Detalhe da estrada entre Santa Cruz e Lajes das Flores.
Foto: F Cardigos
Uma das coisas que sempre me impressionou nos Açores,
particularmente nas ilhas de menor dimensão, foi a forma generosa e intuitiva
como as pessoas se cumprimentam. Talvez por ser oriundo de Lisboa, onde há uma
maior distância entre as pessoas fora do círculo chegado de familiares e amigos,
este gesto, com um implícito “estou aqui e estou contigo”, sempre me pareceu
valioso. Também por isso, dou-lhe particular atenção e sou sensível a detalhes
que roçam o implausível.
Um dos trabalhos que a vida profissional me levou a realizar
há cerca de duas dezenas de anos, implicou alojar-me em Santa Cruz das Flores e
a trabalhar quotidianamente nas Lajes da mesma ilha. Todos os dias, de
madrugada e ao final do dia, conduzia um carro entre as duas vilas desta
belíssima ilha. Por inerência aos 18 km de estrada sinuosa, as pessoas tendem a
conduzir a baixas velocidades, com a mão esquerda na parte de cima do volante e
a direita no manipulo das velocidades. Quando dois carros se cruzam, não
podendo largar o volante, um ou mais dedos são alçados e, da outra viatura,
surge o mesmo cumprimento. O que é quase inacreditável é que o número de dedos
alçados por um condutor é replicado exatamente na mesma medida pelo condutor
contrário. Notei isto depois de me cruzar com imensas viaturas e, quase
sistematicamente, obter este resultado sempre que eu tomava a iniciativa.

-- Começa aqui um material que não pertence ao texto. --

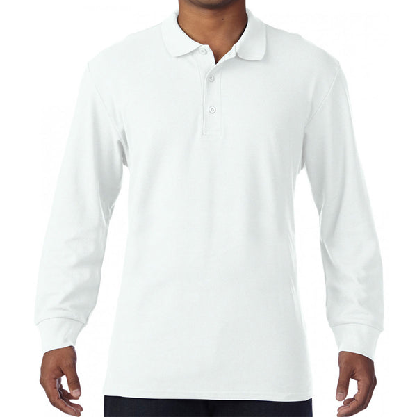 Gildan Men's White Long Sleeve Premium Cotton Double Pique Polo Shirt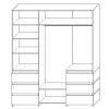 На боковых стенках закреплены декоративные накладки из МДФ пленочного толщиной 8мм. в цвет фасада. Шесть ящиков на шариковых направляющих H=35 AKS LIGHT, задняя стенка изготовлена из ХДФ. К средней двери крепится зеркало с фацетом 10мм по двум сторонам. Детали шкафа, которые в эксплуатации подвержены механическим повреждениям, облицованы кромкой ПВХ толщиной 2 мм. В левой части шкафа за дверью установлены две съемные полки и одна несъемная. В средней и правой части шкафа за дверями штанга для одежды. При желании петли с доводчиками можно приобрести дополнительно и самостоятельно установить их. Функцию ручки на накладках ящиков выполняет фрезеровка выемка в торце фасада.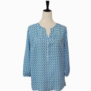 Talbots Blue & Teal Seahorse Print 3/4 Sleeve 1/2 Button Pleated Blouse Size M
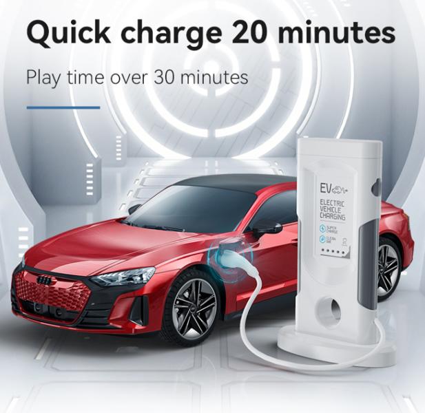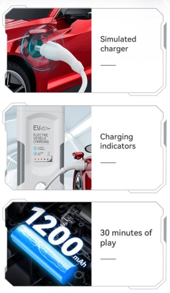 RC auto je vybaveno integrovaným akumulátorem 3,7 V 1200 mAh, díky kterému si užijete spoustu zábavy po cca 30 minut. Velmi originální je nabíječka, která vypadá jako stojan pro nabíjení elektromobilů. Pomocí kabelu ji zapojíte do USB adaptéru a pomocí druhého do RC auta. Stačí jen otevřít ,,víčko nádrže,, a můžete nabíjet. Navíc je nabíjecí stojan vybaven světelnou signalizací, takže přesně vidíte vývoj nabíjení, které trvá cca 30 minut.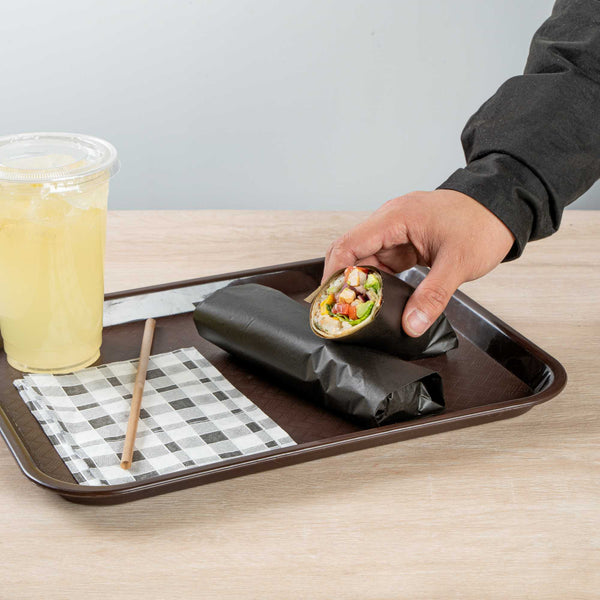 Elevate your food presentation with our Chef 101 No PFAS Added Black Papers Food Wrap and Basket Liners. These food wraps are constructed with premium paper, no PFAS Added, and are commercially compostable. Created with a greaseproof silicone coating, these taco paper wraps ensure no unwanted grease seeps onto your customers' hands or surfaces. Showcasing a classy black finish, these deli papers provide an upscale touch to your meals and are ideal for any occasion. These sandwich wrap papers are remarkably versatile, being freezable, allowing you to prep meals ahead of time. With their disposable nature, these recyclable basket liners make post-meal cleanup a breeze. Precut to a size of 15 inches by 11 inches, these wraps for food offer ample space to comfortably wrap up your delectable dishes. Sold in a 2,000 count box.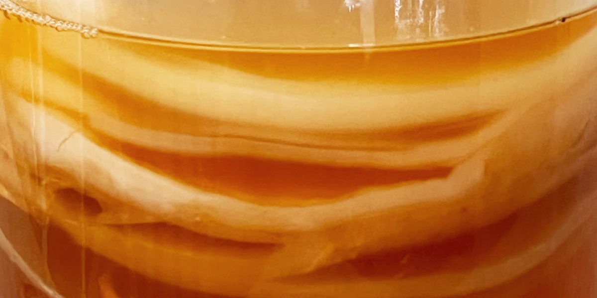 Непонятная желеобразная штука в банке с чайным грибом — это не настоящий гриб, а SCOBY (Symbiotic Culture of Bacteria and Yeast). Он выглядит, как плотная плёнка или диск, и состоит из симбиотической культуры бактерий и дрожжей. Хотя эту «медузу» и называют чайным грибом, отношения к грибам в биологическом смысле она не имеет.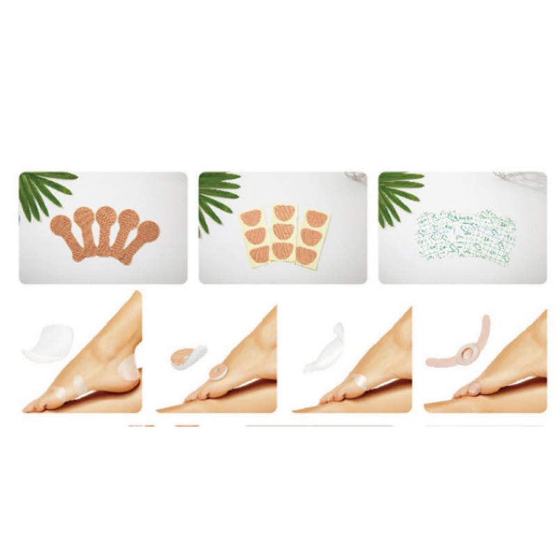 Χρησιμοποιείται για την ενόχληση που προκαλείται από τα παπούτσια που φορούν τα πόδια. Μπορεί να αποτρέψει τον τραυματισμό του ποδιού και να φορέσει παπούτσια για καλύτερη άνεση. Μπορεί επίσης να χρησιμοποιηθεί για το χέρι και τον καρπό ως βοηθητική πάστα στη ζωή και την εργασία για να προσφέρει στους χρήστες άνεση και άνεση. PE, αφρός, φανελέτα, PU και άλλα υλικά με χαμηλής ευαισθησίας ιατρική θερμοκολλητική κόλλα, κόλλα ακρυλικού οξέος, γέλη πυριτίου, υδροκολλοειδές κ.λπ. Μπορούν να προσαρμοστούν διάφορα σχήματα.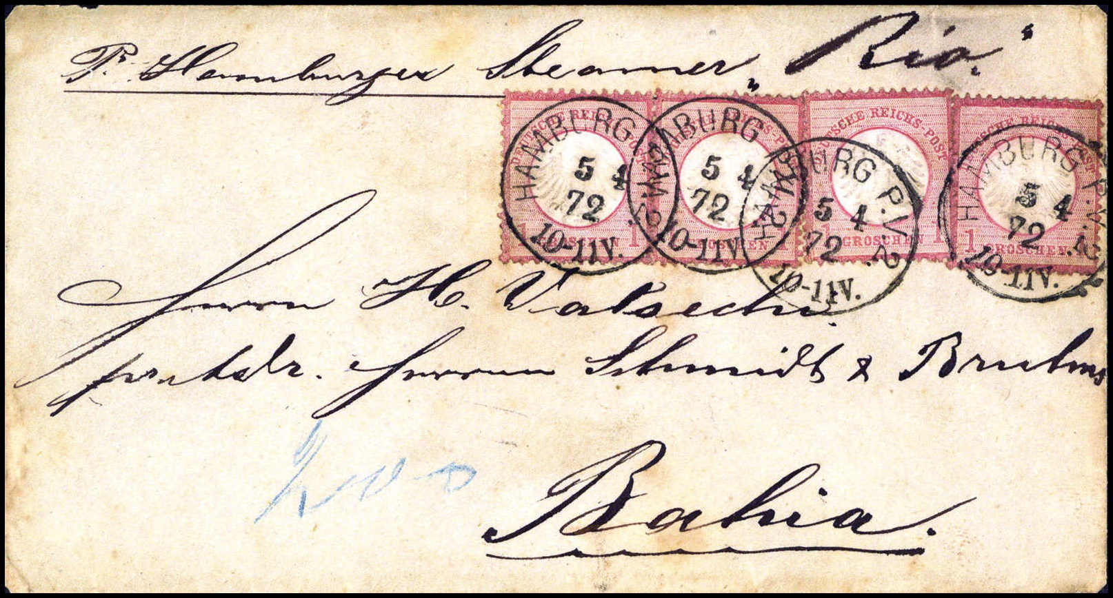 1 Gr., vier Kabinettstücke mit klaren K1 HAMBURG P.V. 2 5/4 72 auf schönem Brief (leichte Patina) nach Bahia/Brasilien. Oben mit Leitvermerk "Pr. Hamburger Steamer Rio", unten mit brasil. Taxierung "200" und rs. Ak.-Stempel vom 30.4.1872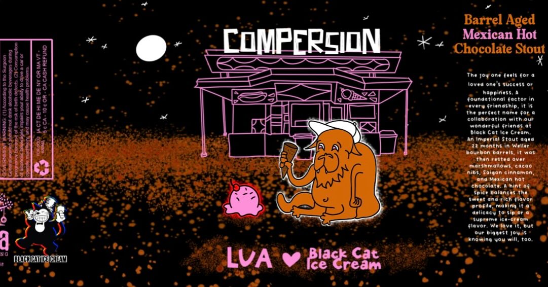 Inspired by the out-of-this-world Mexican hot chocolate flavor from the cool folks at Black Cat Ice Cream, bottles of COMPERSION will be available for purchase in person at Lua on Saturday, April 19th, starting at 9AM. First come, first served, with limits determined at open. We will have a limited number of bottles available online via TOAST at 9AM as well. Proxies are allowed. Picking up for a proxy? Just be sure to have their name & order number ready for us when you’re picking up.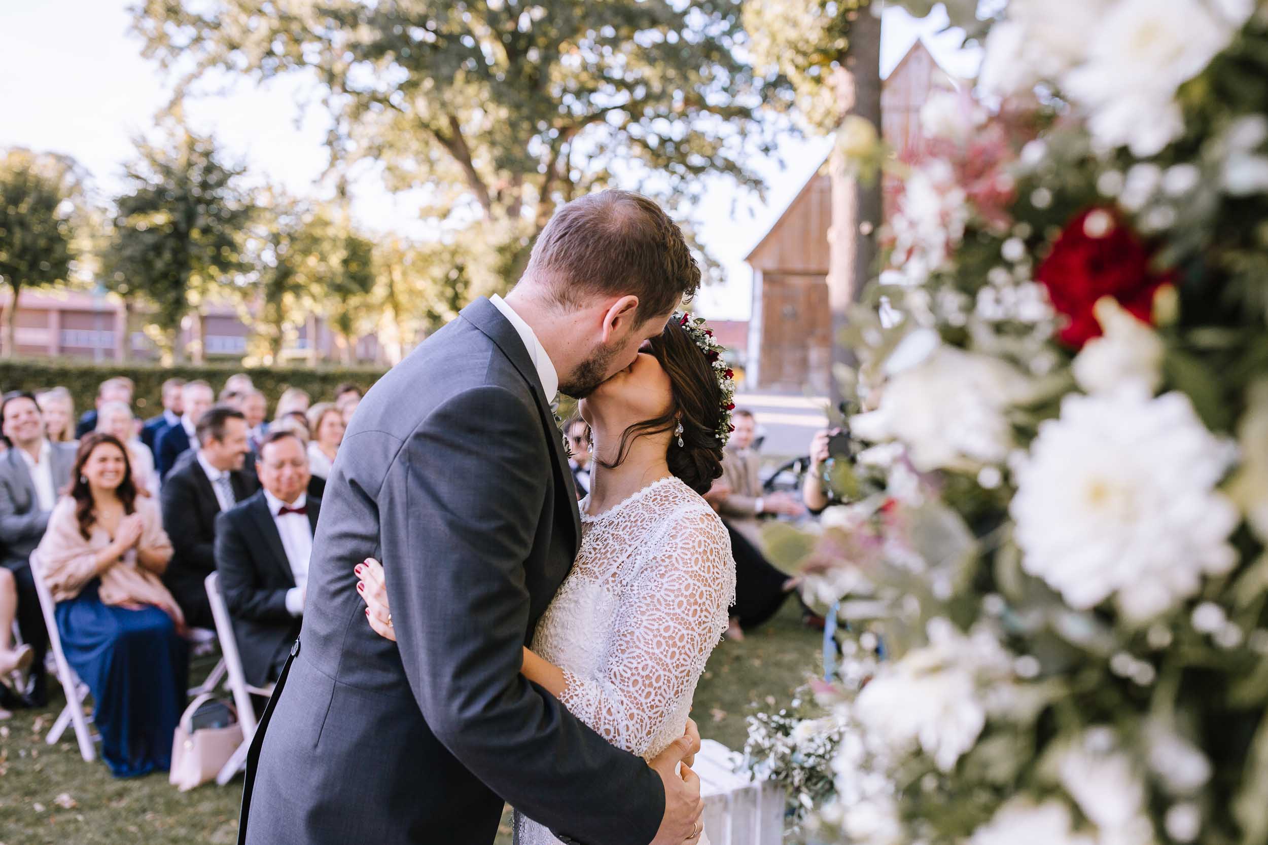 Im Herbst war ich als Hochzeitsfotografin auf Gut Kump in Hamm, um den zweiten Teil der deutsch-afghanischen Hochzeit von Sonja und Lars fotografisch zu begleiten. Die Beiden hatten nämlich zuvor nach traditionell afghanischer Tradition in Essen gefeiert, sodass heute die traditionell deutsche Hochzeit mit freier Trauung im Garten des Gut Kumps stattfand.

Comecei por pensar que seria impressão minha, mas, depois de ganhar mesmo
algumas apostas, fiquei convencido. Há um qualquer código de boa educação,
escrito ou não, que implica que, naquela estrada, as pessoas se cumprimentem
exatamente com o mesmo aceno. Seja um simples “um dedo”, sejam “dois dedos”,
“três dedos” ou “quatro dedos”, há uma qualquer comunicação com mensagens
implícitas (“bom dia”, “ganhamos”, “foi espetacular!”…?) que eu não entendo,
mas registei.
Seja qual for a ilha, há uma outra variância nos acenos relacionada
com o tempo de ausência. Quando duas pessoas se veem pela primeira vez após
longo tempo, o aceno é transportado para um nível mais elevado. Este aceno
implica um passou-bem, apertando firmemente as mãos, entre eles, e dois
beijinhos, entre elas ou eles e elas. Nos casos mais emocionais, há mesmo
direito a um abraço. Quando a ausência é de um dia, o aceno transforma-se numa
exibição da palma da mão (sinal universal de paz, diga-se) e, dentro do mesmo
dia, um leve agitar vertical da cabeça. É assim e ninguém prescreveu, que eu
saiba.
Todos estes acenos são determinantes e a ausência deles pode
levar a conclusões nefastas. Entre o “estava certamente distraído” ao “nem me
falou”, passando por todas as possibilidades intermédias, tudo são
interpretações que terão de ser escalpelizadas e ninguém ficará tranquilo
enquanto isso não acontecer. É assim a vida nas ilhas.
Quando escrevo estas linhas estou no Corvo e prestes a
regressar a Bruxelas. Já sei, porque é sempre assim nos primeiros dias,
distraidamente, irei cumprimentar quem se cruzar comigo no caminho para casa.
Receberei de volta um gesto admirado, quase de medo, ou, mais habitualmente,
ir-me-ão ignorar. É assim nas cidades grandes… Mas há exceções! Na floresta em
redor da cidade de Bruxelas, no final de semana, entre as pessoas que praticam
desporto ou, simplesmente, passeiam, os acenos voltam. Não é, portanto, apenas uma
questão de geografia, mas também uma questão de densidade. Parece que uma
densidade de pessoas superior a um determinado nível nos torna menos humanos,
menos sensíveis e menos empáticos. Talvez…
As terras com acenos, seja nos arredores de uma grande
cidade ou nas ilhas dos Açores, são enormemente reconfortantes. Pena que, para
se notar, seja necessário sentir a sua ausência.